The lower bound in (6) is easy, since one can simply lower the level in (5) to obtain the lower bound

$\displaystyle \tau(n) \geq \sum_{d \leq n^\theta: d|n} 1$

for any ${\theta>0}$, and the preceding methods then easily allow one to obtain the lower bound by taking ${\theta}$ small enough (more precisely, if ${P}$ has degree ${d}$, one should take ${\theta}$ equal to ${1/d}$ or less). The upper bounds in (6) and (7) are more difficult. Ideally, if we could obtain upper bounds of the form

$\displaystyle \tau(n) \ll \sum_{d \leq n^\theta: d|n} 1 \ \ \ \ \ (8)$

for any fixed ${\theta > 0}$, then the preceding methods would easily establish both results. Unfortunately, this bound can fail, as illustrated by the following example. Suppose that ${n}$ is the product of ${k}$ distinct primes ${p_1 \ldots p_k}$, each of which is close to ${n^{1/k}}$. Then ${n}$ has ${2^k}$ divisors, with ${\binom{n}{j}}$ of them close to ${n^{j/k}}$ for each ${0 \ldots j \leq k}$. One can think of (the logarithms of) these divisors as being distributed according to what is essentially a Bernoulli distribution, thus a randomly selected divisor of ${n}$ has magnitude about ${n^{j/k}}$, where ${j}$ is a random variable which has the same distribution as the number of heads in ${k}$ independently tossed fair coins. By the law of large numbers, ${j}$ should concentrate near ${k/2}$ when ${k}$ is large, which implies that the majority of the divisors of ${n}$ will be close to ${n^{1/2}}$. Sending ${k \rightarrow \infty}$, one can show that the bound (8) fails whenever ${\theta < 1/2}$.

This however can be fixed in a number of ways. First of all, even when ${\theta<1/2}$, one can show weaker substitutes for (8). For instance, for any fixed ${\theta > 0}$ and ${m \geq 1}$ one can show a bound of the form

$\displaystyle \tau(n)^m \ll \sum_{d \leq n^\theta: d|n} \tau(d)^C \ \ \ \ \ (9)$

for some ${C}$ depending only on ${m,\theta}$. This nice elementary inequality (first observed by Landreau) already gives a quite short proof of van der Corput’s bound (7).

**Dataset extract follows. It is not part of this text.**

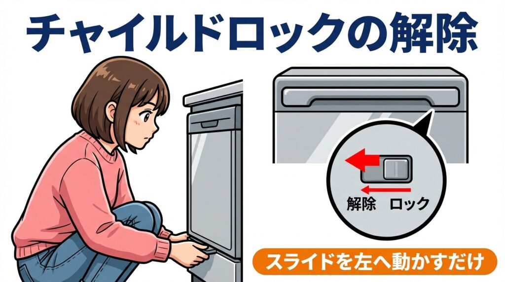 このチャイルドロックは物理的な機構なので、電源が入っていなくても操作できます。もしスライドが固い場合は、ドアを少し「押し込む」ように力を加えながらスライドを操作すると、ラッチの圧力が抜けてスムーズに動くことがありますよ。

For Erdös’s upper bound (6), though, one cannot afford to lose these additional factors of ${\tau(d)}$, and one must argue more carefully. Here, the key observation is that the counterexample discussed earlier – when the natural number ${n}$ is the product of a large number of fairly small primes – is quite atypical; most numbers have at least one large prime factor. For instance, the number of natural numbers less than ${x}$ that contain a prime factor between ${x^{1/2}}$ and ${x}$ is equal to

$\displaystyle \sum_{x^{1/2} \leq p \leq x} (\frac{x}{p} + O(1)),$

which, thanks to Mertens’ theorem

$\displaystyle \sum_{p \leq x} \frac{1}{p} = \log\log x + M+o(1)$

for some absolute constant ${M}$, is comparable to ${x}$. In a similar spirit, one can show by similarly elementary means that the number of natural numbers ${m}$ less than ${x}$ that are ${x^{1/m}}$-smooth, in the sense that all prime factors are at most ${x^{1/m}}$, is only about ${m^{-cm} x}$ or so. Because of this, one can hope that the bound (8), while not true in full generality, will still be true for most natural numbers ${n}$, with some slightly weaker substitute available (such as (7)) for the exceptional numbers ${n}$. This turns out to be the case by an elementary but careful argument.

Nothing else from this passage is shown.